Everywhere you look, it seems like the whole working world is talking about Artificial Intelligence (AI). But one area in particular which poses some unique questions about the applications of AI is social value reporting.

Social value encompasses the economic, environmental and social benefits that individuals, organisations and governments generate to create a positive impact on communities and society. As businesses are increasingly held accountable for their contributions to social good, the application of AI in this space has opened up new possibilities for scaling impact, solving systemic challenges, and advancing equitable solutions.

But that doesn’t mean it’s without its challenges.

In this article, we’ll discuss how social value reporting professionals can leverage all the best bits about AI, without falling foul of the potential downsides.

AI in social value reporting: the GOOD

AI’s potential to do social GOOD can’t be overstated. A report from McKinsey & Company analysed 160 AI social impact use cases, and concluded that “existing capabilities could contribute to tackling cases across all 17 of the UN’s sustainable development goals.” In other words, AI has the potential to help hundreds of millions of people across the world, from all walks of life.

Plus, when it comes to the act of measuring social impact, AI can help you…
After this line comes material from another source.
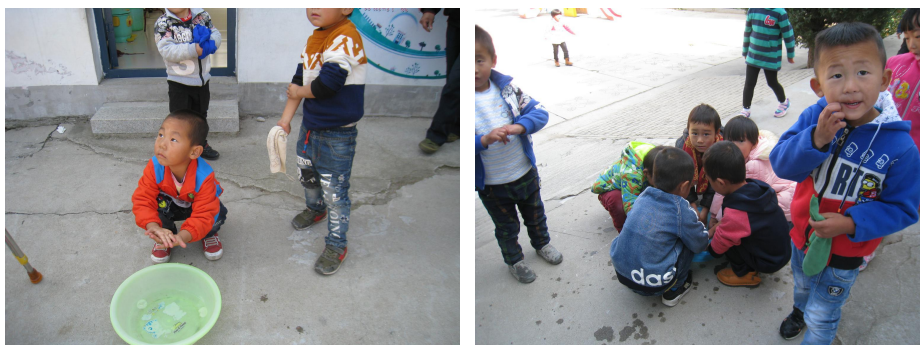
图 3 学生餐前洗手情况组图

  • Save valuable time and resources: At its core, AI thrives on data. Whether it’s about identifying trends, predicting behaviours, or optimising decisions, AI’s value lies in its ability to process and analyse enormous datasets. In the social value space, this capability is invaluable. Governments, investors and businesses looking to address societal issues are often flooded with data, but can lack the resources to fully utilise it.
  • Spot hidden opportunities: Ask any social value lead about their biggest challenge, and they’ll likely point to the overwhelming volume of disparate data sets making it difficult to extract meaningful insights. However, advancements in predictive analytics have enabled AI systems to not only analyse this data but also identify and prioritise critical areas for intervention. AI can now uncover key themes, trends, and sentiments by detecting patterns in areas like unemployment rates, healthcare disparities and food insecurity. This allows decision-makers to focus resources where they are needed most, leading to more targeted and impactful actions.
  • Reduce unconscious bias: No human is infallible. Despite our best efforts, we can all inadvertently allow personal biases to influence our decision-making — and that’s particularly bad news in the world of social value. But AI systems, if properly designed and trained, can evaluate data based on predefined criteria. Not only does this reduce the influence of any biases, it can also lead to more objective outcomes.
  • Give more power to more people: It’s also worth noting that AI could be a vital tool in the democratisation of social value reporting. It offers smaller organisations (which may have previously lacked the required resources or skills) a more affordable means of investing in their social impact and scaling successful programs.
  • Predict future challenges: Predictive models can be used to foresee potential societal risks, such as the spread of diseases or the rise of social inequalities. This forward-thinking approach enables organisations to proactively address challenges rather than reactively respond.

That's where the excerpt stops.